And there is nothing unusual about the poor quality of recent Queensland governments (see Undesirables).

Weak governments and oppositions are not limited to Queensland noting: (a) the populist but insubstantial agenda of the incoming Rudd Government in 2007 (see Populism Trumps Electoral Victory); (b) concerns about the effectiveness of the present federal Government and Opposition (see Unstable Government); and (c) frequent criticism of the effectiveness of other state governments.

Given these circumstances it is unrealistic to expect oppositions to be able to express reliable policy agendas. Moreover, unless and until the quality of policy contributions improves, any opposition that gains government in Queensland is likely to be a repeat of something like:

  • the Goss Government, which crippled the machinery of government and achieved little of practical relevance because it believed that it knew it all (and thus did not need advice from those with practical experience or feedback from the general community);  or
  • the Borbidge Government, which gained government unexpectedly and spent its term undertaking umpteen studies in the hope that this would allow it to make informed decisions; or
  • the Beattie Government, which escalated government spending on trendy-but-often-ineffectual programs and projects, while suffering repeated administrative crises which were typically 'solved' by throwing a few hundreds of millions of dollars at them.

Perhaps running for government in Queensland is a little like a dog chasing a car. Anyone who wins government, while not really knowing what to do with it, could be in as much trouble as a dog that succeeds in catching a car.

'Building Queensland's Future - Together': A Complex Challenge

Queensland's current Opposition circulated an email on 6/5/11 entitled 'Building Queensland's Future - Together' in an apparent attempt to mobilize new energy and initiative in addressing Queensland's challenges.
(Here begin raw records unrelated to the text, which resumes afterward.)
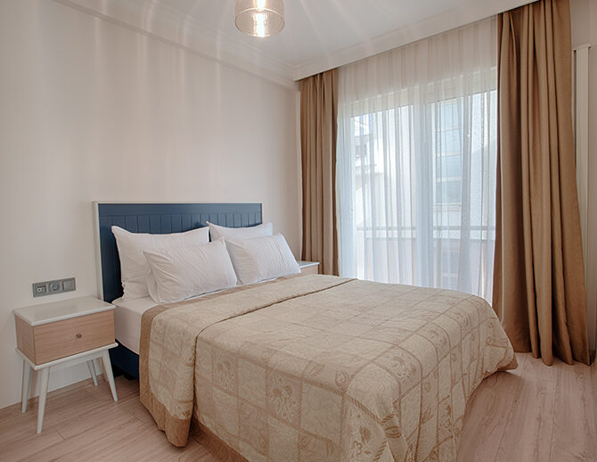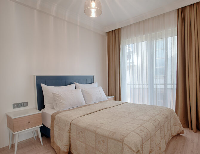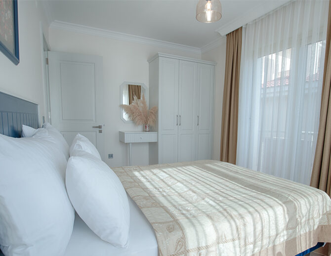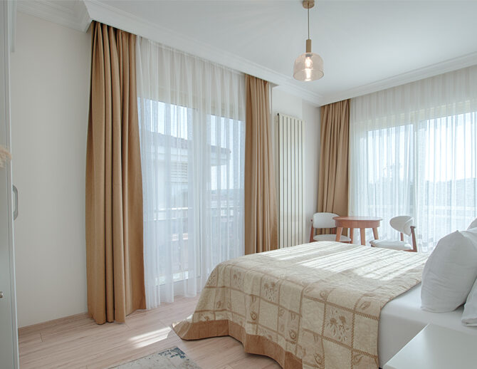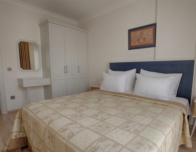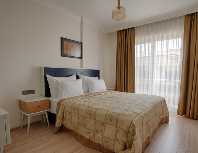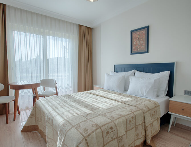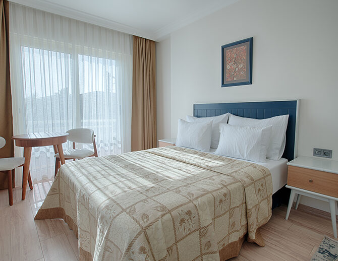 French yatak ile donatılan oda, ferah yapısı ve balkonlu mimarisi sayesinde günün her saatinde rahat nefes alabileceğiniz bir yaşam alanı sunar.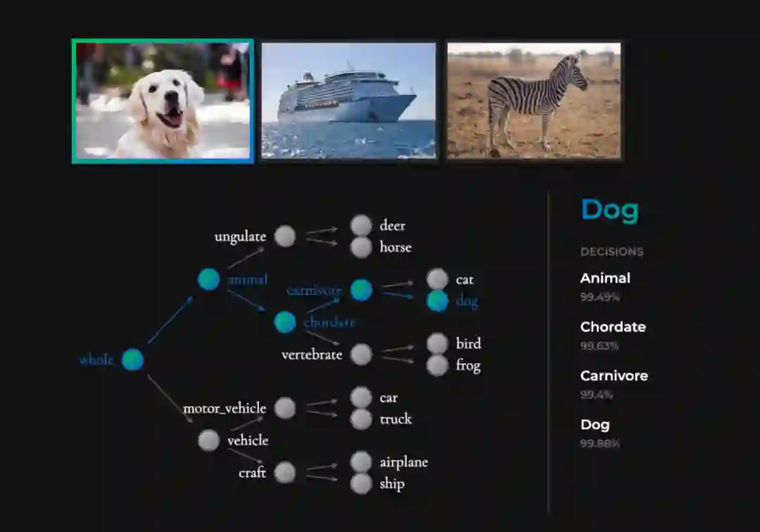 NBDT 具备和决策树一样的可解释性。并且 NBDT 能够输出预测结果的中间决策,这一点优于当前的神经网络。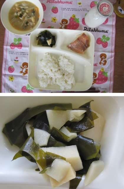 今日の給食は、わかめとたけのこを一緒に煮た「わかたけ煮」です。たけのこを「使った代表的な献立の一つです。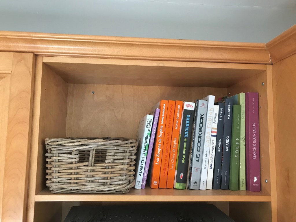 Et, je range dans les placards tout ce dont j’ai besoin pour cuisiner mais qui n’a aucun intérêt à être à la vue quand je ne cuisine pas.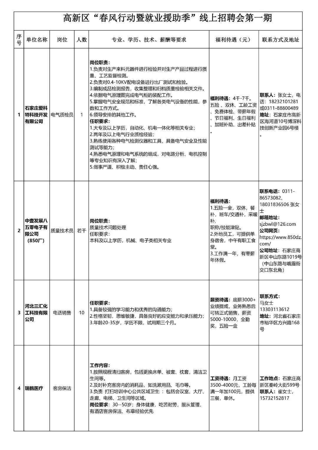 石家庄高新区开展“春风行动暨就业援助季”线上招聘会(第一期)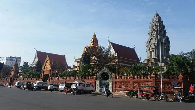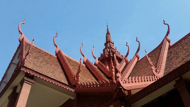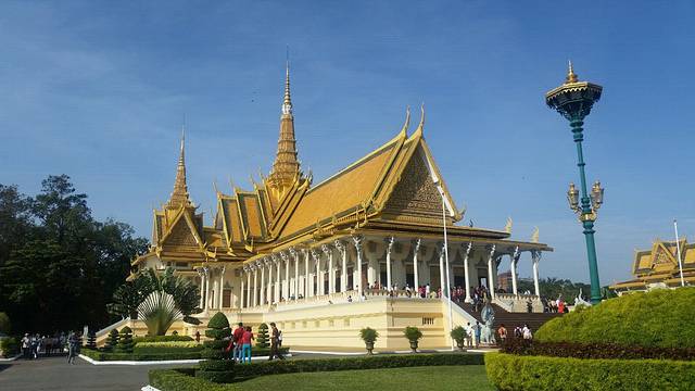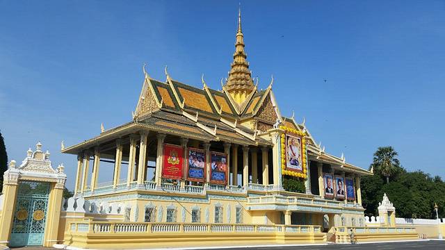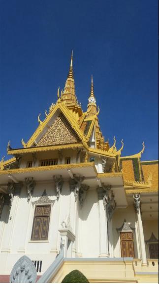 蓝天下的金色皇宫格外漂亮,金色是为了蓝天设计的吗?加冕厅,银殿,拿破仑三世阁,宴会厅,安东国王、诺罗敦国王和甘达帕花公主的骨灰塔,每幢建筑都显得庄严肃穆,这里,理应得到发自内心的敬意。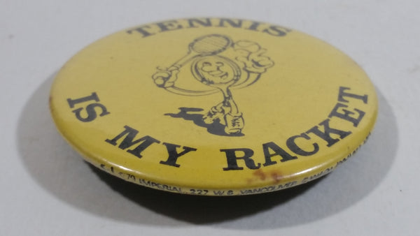 Tennis Is My Racket Circular Round Yellow Button Pin Sports Collectible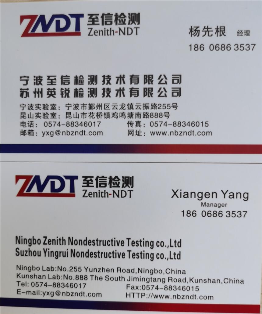 至信检测:我司是一家无损检测探伤独立第三方检测实验室,拥有CMA、CNAS、特设资质。可根据客户需要上门检测,客户也发工件到实验室进行检测。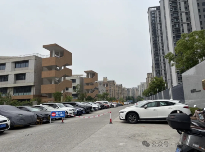 目前,该小区东侧道路志远路一半已被围挡。告知牌上写着:“前方施工 禁止通行。”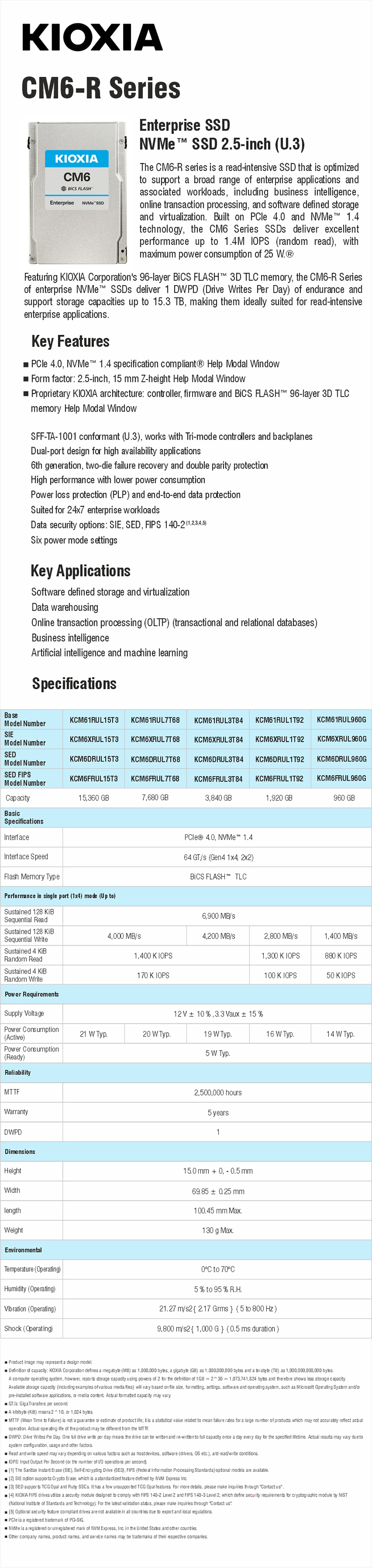 KIOXIA CM6-R ENTERPRISE SSD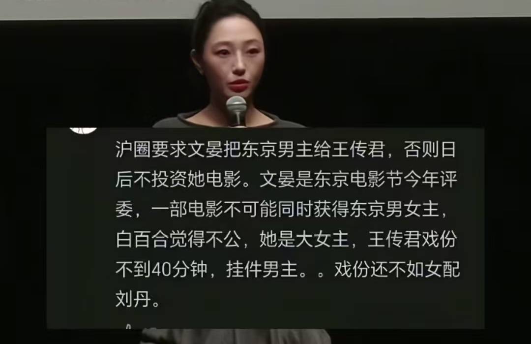 当时的爆料内容是,沪圈要求文晏把东京最佳男主给王传君,不然以后都不会投资她的电影了,文晏作为今年东京电影节的评委之一,有操作的权利。
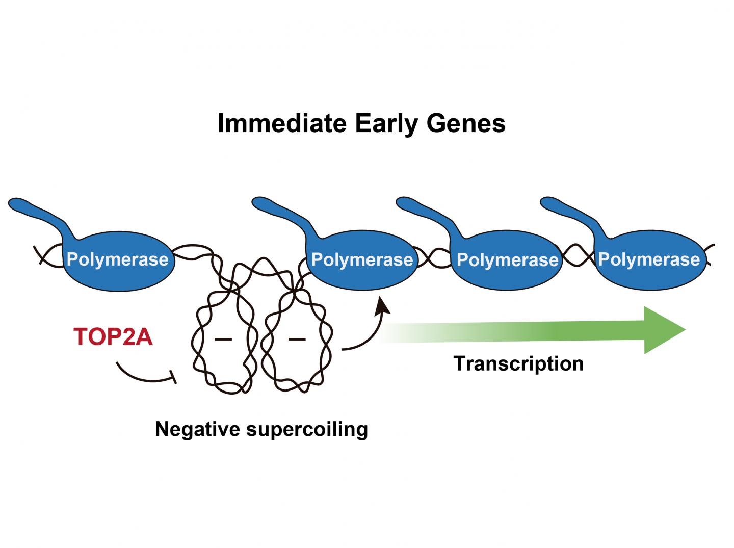 image: TOP2A relieves negative supercoiling at gene promoters, resulting thus in an increase in the number of twists of the DNA strands. This is an obstacle to the continuous opening of the helix that prevents the advance RNA polymerase, remaining in a poised state ready to trigger gene expression as soon as needed.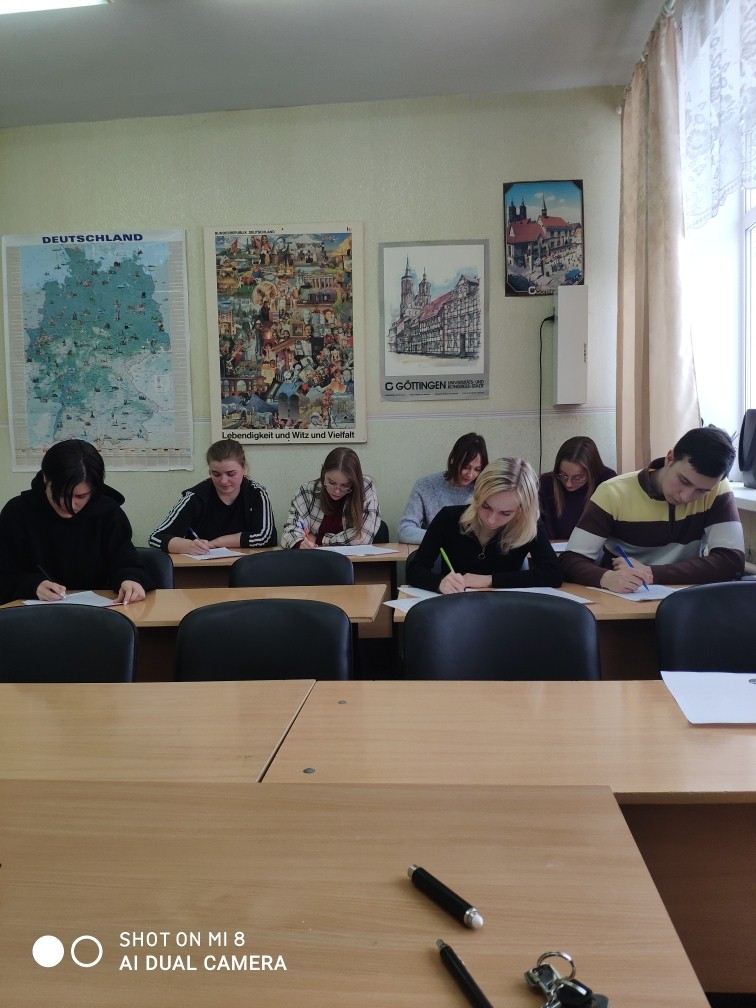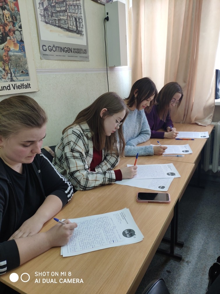 Целью акции является популяризация немецкого языка и мотивация к его изучению, а также развитие культуры грамотного письма на немецком языке и поддержка международного сотрудничества. Акция стала доброй традицией в системе общего образования, и с каждым годом масштабы ее растут. Так, в прошлом году в ней приняли участие более 70 000 человек из 35 стран мира. В нашем вузе традиционно принимают участие все студенты, изучающие немецкий язык – 57 студентов ФФМК 3–4 курсов.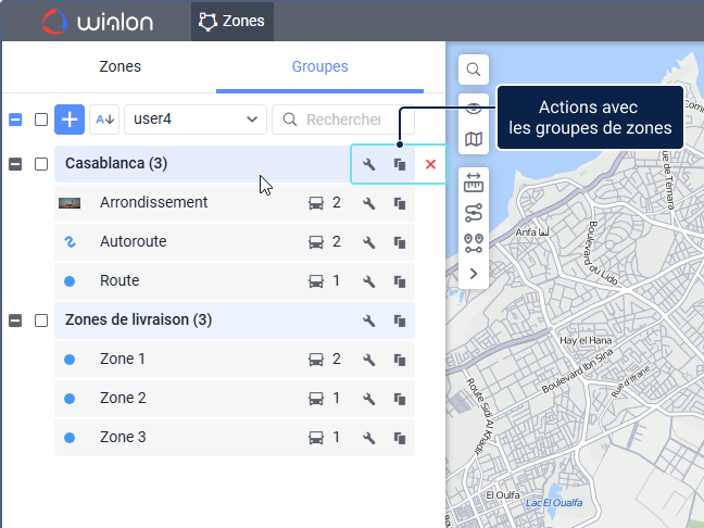 Développez la ligne du groupe pour voir les zones qui lui appartiennent et effectuer des actions . Pour voir toutes les zones du groupe sur la carte, sélectionnez ce groupe dans la liste.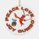 Fira jul med den riktiga Louisiana anstrykningen med dessa original- julprydnadar. Prydnadarna presenterar en Gumbomatlagningkräftor som omringas av slogan "fred, kärlek, glädje, Gumbo" på en sida. Bläddra prydnaden för att finna ett guld- Fleur de Lis symbol på en röd bakgrund för jul. Besöka www.zazzle.com/enchantedbayou* i dag för alla dina Cajun, Louisiana och New Orleans themed kort, inbjudningar och gåvor!
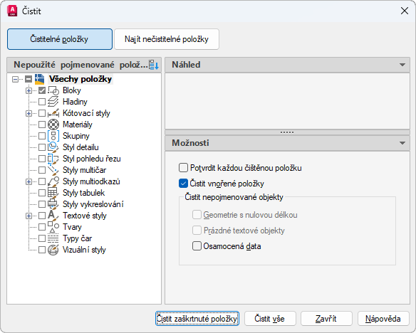 Zobrazí seznam pojmenovaných objektů, které nejsou používané v aktuálním výkresu a které jsou čistitelné. Kliknutím na znaménko plus nebo dvojitým kliknutím na typ objektu si můžete zobrazit seznam položek pro kterýkoli typ objektu. Můžete buď vybrat samostatnou položku, nebo všechny položky daného typu objektu.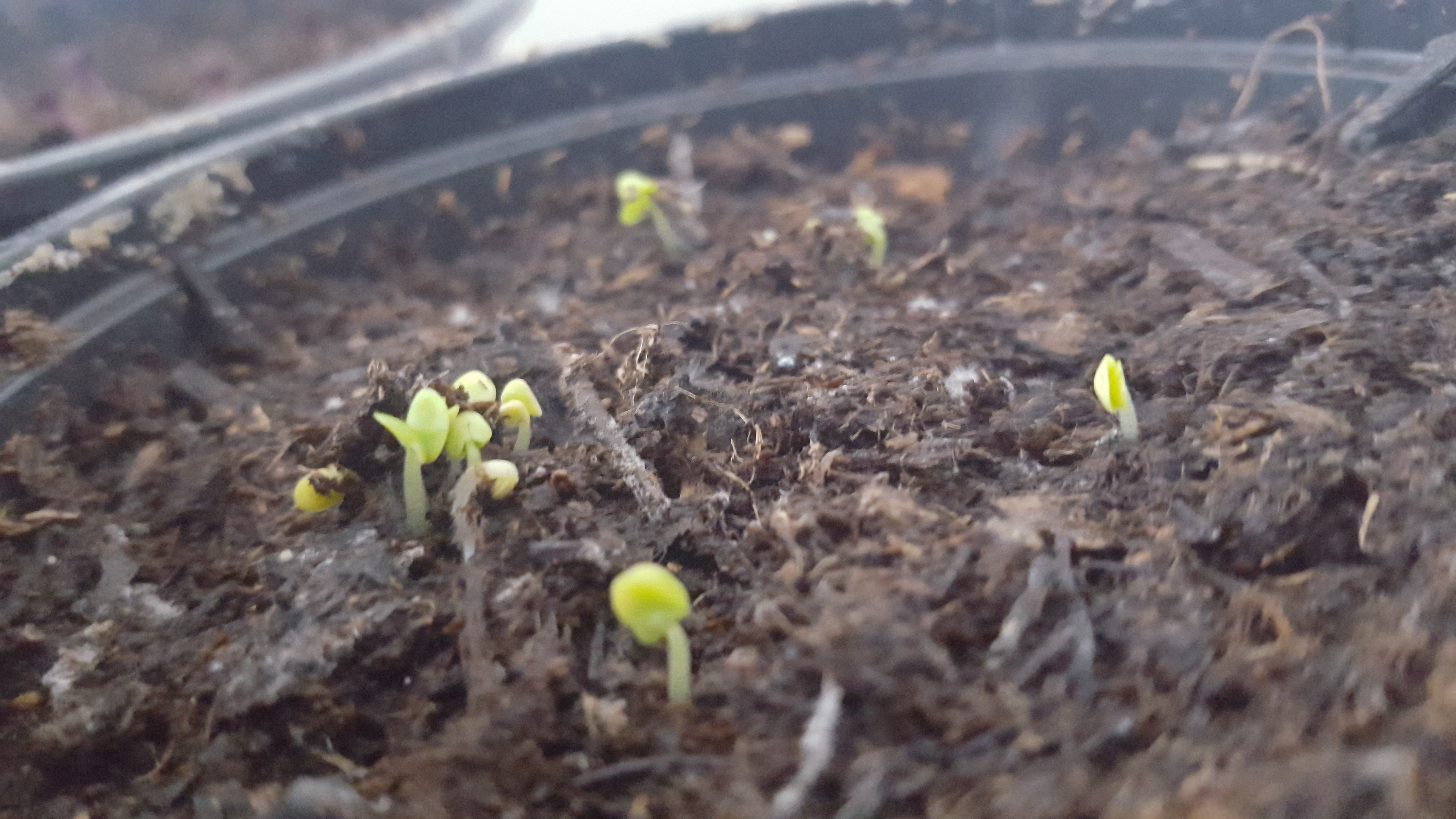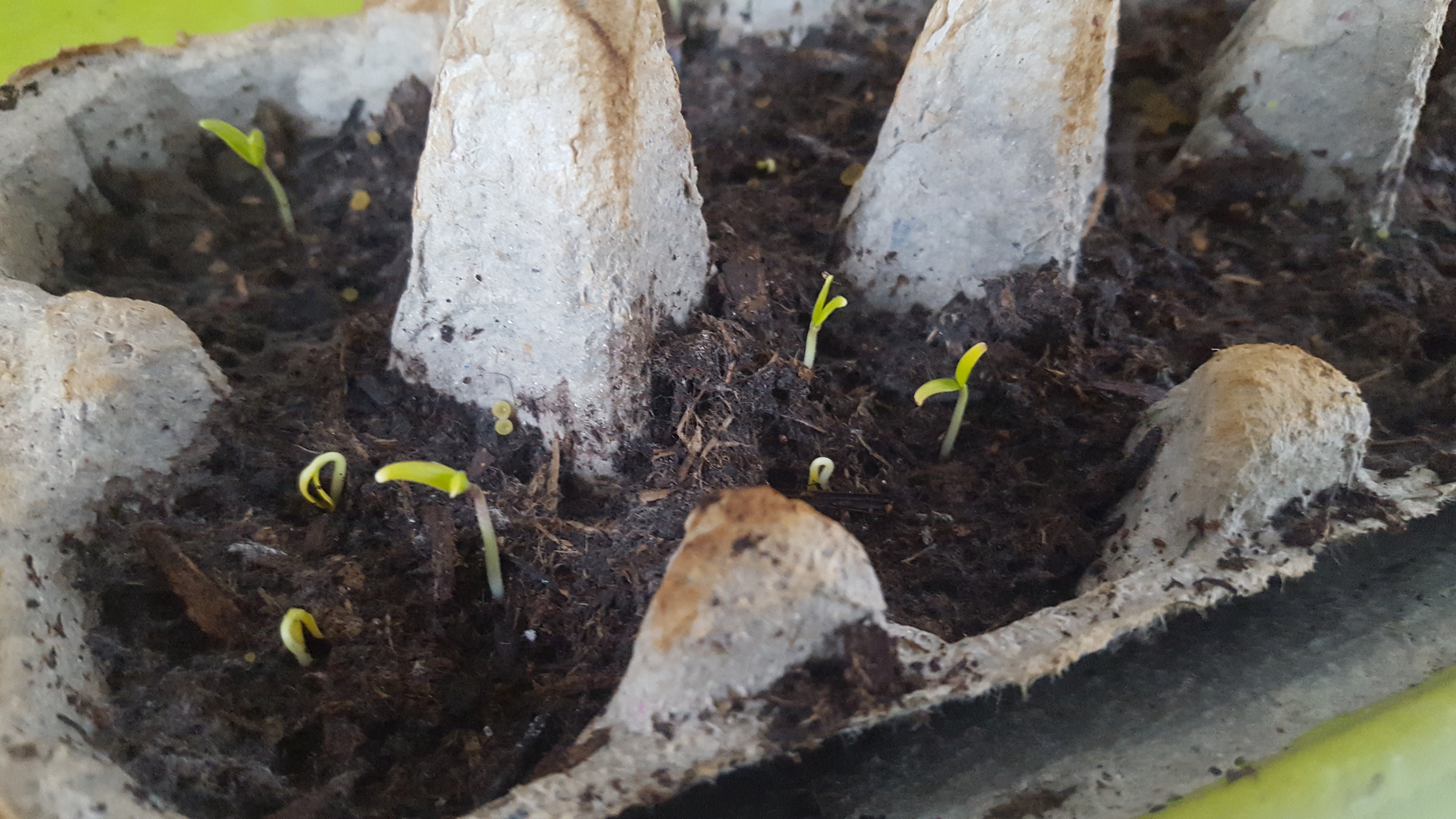 - C’est la première année que je fais des piments, poivrons et aubergines si tôt dans l’année ! J’ai effectué les semis le 15 février et ça y est : grâce à la chaleur tropicale qui règne dans mon bureau (c’est la pièce la plus lumineuse, je travaille en short mais passons), les voilà qui sortent de terre depuis hier, le 28 ! Donc en tout 13 jours pour lever, pas mal !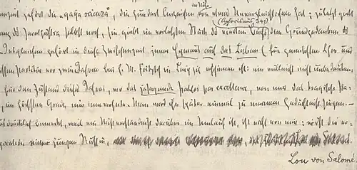 Salomé's mother took her to Rome when Salomé was 21. At a literary salon in the city, Salomé became acquainted with Paul Rée. Rée proposed marriage to her, but she, instead, proposed that they should live and study together as "brother and sister", along with another man for company, where they would establish an academic commune.[56] Rée accepted the idea and suggested that they be joined by his friend Nietzsche. The two met Nietzsche in Rome in April 1882, and Nietzsche is believed to have instantly fallen in love with Salomé, as Rée had done. Nietzsche asked Rée to propose marriage to Salomé, which she rejected. She had been interested in Nietzsche as a friend, but not as a husband.[56] Nietzsche nonetheless was content to join with Rée and Salomé touring through Switzerland and Italy together, planning their commune. The three travelled with Salomé's mother through Italy and considered where they would set up their "Winterplan" commune. They intended to set up their commune in an abandoned monastery, but no suitable location was found. On 13 May, in Lucerne, when Nietzsche was alone with Salomé, he earnestly proposed marriage to her again, which she rejected. He nonetheless was happy to continue with the plans for an academic commune.[56] After discovering the relationship, Nietzsche's sister Elisabeth became determined to get Nietzsche away from the "immoral woman".[57] Nietzsche and Salomé spent the summer together in Tautenburg in Thuringia, often with Nietzsche's sister Elisabeth as a chaperone. Salomé reports that he asked her to marry him on three separate occasions and that she refused, though the reliability of her reports of events is questionable.[58] Arriving in Leipzig (Germany) in October, Salomé and Rée separated from Nietzsche after a falling-out between Nietzsche and Salomé, in which Salomé believed that Nietzsche was desperately in love with her.

Text of email received 6/5/11

“Last week in Gladstone the Shadow Minister for State Development, Infrastructure, Planning and Reconstruction, Jeff Seeney, and I announced an urgent investigation into Queensland’s infrastructure needs.

Over the past 20 years, Labor has failed to plan for the future and invest in important infrastructure and this affects us all, whether we live in cities or regional areas. I’ve been travelling Queensland since I was elected LNP Leader four weeks ago and I have seen firsthand the sorry state of many of our regional hospitals, the pot-holed roads and highways that have been flooded and it is simply not good enough.

As Shadow Minister, Jeff Seeney has been tasked with consulting communities across Queensland and compiling a list of key critical infrastructure needs including roads, flood proofing measures and health facilities.

Over the next 90 days, Jeff will be travelling the length and breadth of the state putting together this list and I encourage Queensland’s councils, community groups, business organisations and agriculture sector to highlight their key infrastructure needs and have them incorporated in the LNP’s strategic blueprint, Building Queensland’s Future – Together.

An important point to make though is that due to Labor’s reckless financial management the budget cupboard is bare – so there can be no instant fixes – but with this plan we can be ready to make a practical start on Building Queensland’s Future - Together.

You might be interested to know that Premier Bligh was also in Gladstone last week – announcing a gas company will fund a new renal dialysis unit and upgrade to the operating theatre for the state government’s hospital. I believe government, not business, should be providing this critical health infrastructure.

A CanDo LNP Government will ensure taxpayers' money goes to funding critical infrastructure and the delivery of front line services, not glossy publications and publicity stunts.”

While 'building Queensland - together' seems like a constructive idea, what is required is far more than the Opposition seems to realize. 'Building Queensland' is not just about providing infrastructure or taking other government initiatives. There is also a need to build the capacity of the broader community to cope with its opportunities and challenges, including those that are not yet even understood.

More than a List of Infrastructure Options

Suggestions about possible infrastructure projects were all the Opposition sought in its email on 'Building Queensland - Together'. However soliciting such suggestions is not likely to be particularly useful.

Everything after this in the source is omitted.